The two waves are represented by
`y_(1)= 10^(-6) sin(100t + (x)/(50)+ 0.5)m`
`Y_(2) =10^(-2) cos(100t + (x)/(50))m`
where x is ihn metres and t in seconds. The phase difference between the waves is approximately:

To find the phase difference between the two waves given by the equations: 1. **Identify the wave equations**: - Wave 1: \( y_1 = 10^{-6} \sin(100t + \frac{x}{50} + 0.5) \) - Wave 2: \( y_2 = 10^{-2} \cos(100t + \frac{x}{50}) \) 2. **Convert the second wave to sine form**: - We know that \( \cos(\theta) = \sin\left(\theta + \frac{\pi}{2}\right) \).
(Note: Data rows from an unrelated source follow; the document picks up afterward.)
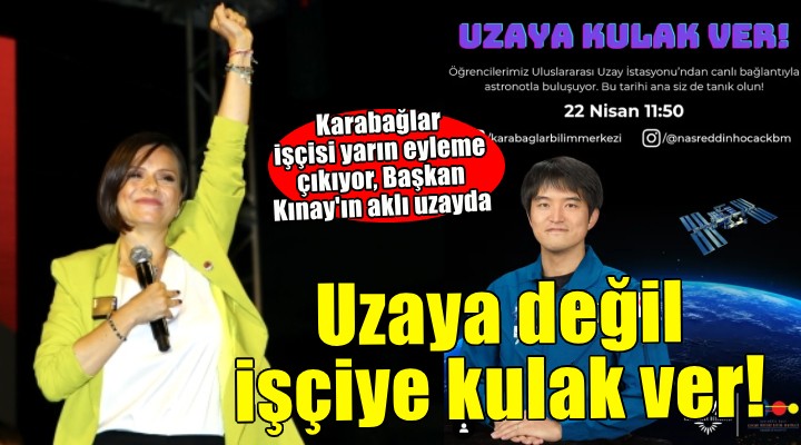 ??çiler geçim derdiyle eylem yapmaya haz?rlan?rken ak?am saatlerinden Belediye Ba?kan? Helil ?nay K?nay'dan uzay payla??m? geldi. K?nay, “Uzaya kulak ver” payla??m?n? yapt?.
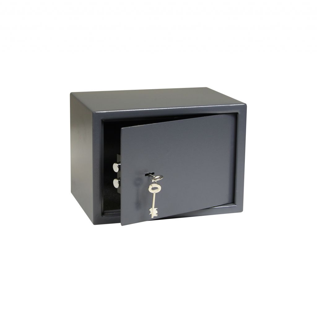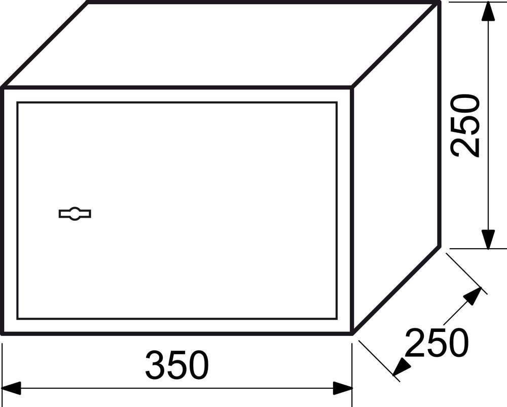 Ocelový sejf s mechanickým zámkem. Rozměr vnější š/v/h: 350 x 250 x 250 mm Rozměr vnitřní š/v/h: 346 x 246 x 190 mm Hmotnost netto: 8,6 kg Síla materiálu: dveře 4 mm, plášť 2 mm Barva: šedá Možnost ukotvení do zdi nebo podlahy. Balení vč. ocelových hmoždinek, šroubů a 2 ks klíčů. Objem: 16 l
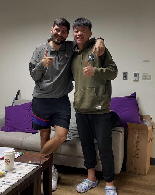 從去年他還是助教的時候打客場我們都一起住,帶他體驗各種台灣美食。很多人會問我他口
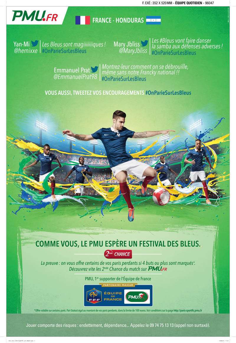 Lors de chaque journée où l’Equipe de France joue, le PMU publie dans L’Equipe un print qui met en avant certains des tweets publiés avec le hashtag #OnParieSurLesBleus. Dimanche dernier, certains twittos ont donc eu l’agréable surprise de voir leur tweet s’afficher dans le quotidien sportif via le PMU en marge du match France – Honduras. Pour être dans L’Equipe de demain au travers de la publicité du PMU à l’occasion de France – Suisse, il vous reste quelques heures pour tweeter votre message via le hashtag #OnParieSurLesBleus ! ;-)

Therefore, we can rewrite \( y_2 \) as: \[ y_2 = 10^{-2} \sin\left(100t + \frac{x}{50} + \frac{\pi}{2}\right) \] 3. **Identify the phase of each wave**: - For wave 1, the phase \( \phi_1 \) is: \[ \phi_1 = 100t + \frac{x}{50} + 0.5 \] - For wave 2, the phase \( \phi_2 \) is: \[ \phi_2 = 100t + \frac{x}{50} + \frac{\pi}{2} \] 4. **Calculate the phase difference**: - The phase difference \( \Delta \phi \) is given by: \[ \Delta \phi = \phi_1 - \phi_2 \] - Substituting the expressions for \( \phi_1 \) and \( \phi_2 \): \[ \Delta \phi = \left(100t + \frac{x}{50} + 0.5\right) - \left(100t + \frac{x}{50} + \frac{\pi}{2}\right) \] - Simplifying this gives: \[ \Delta \phi = 0.5 - \frac{\pi}{2} \] 5. **Calculate the numerical value**: - We know \( \frac{\pi}{2} \approx 1.57 \): \[ \Delta \phi \approx 0.5 - 1.57 = -1.07 \] - Taking the magnitude of the phase difference: \[ |\Delta \phi| \approx 1.07 \] 6. **Final answer**: - The phase difference between the two waves is approximately \( 1.07 \) radians.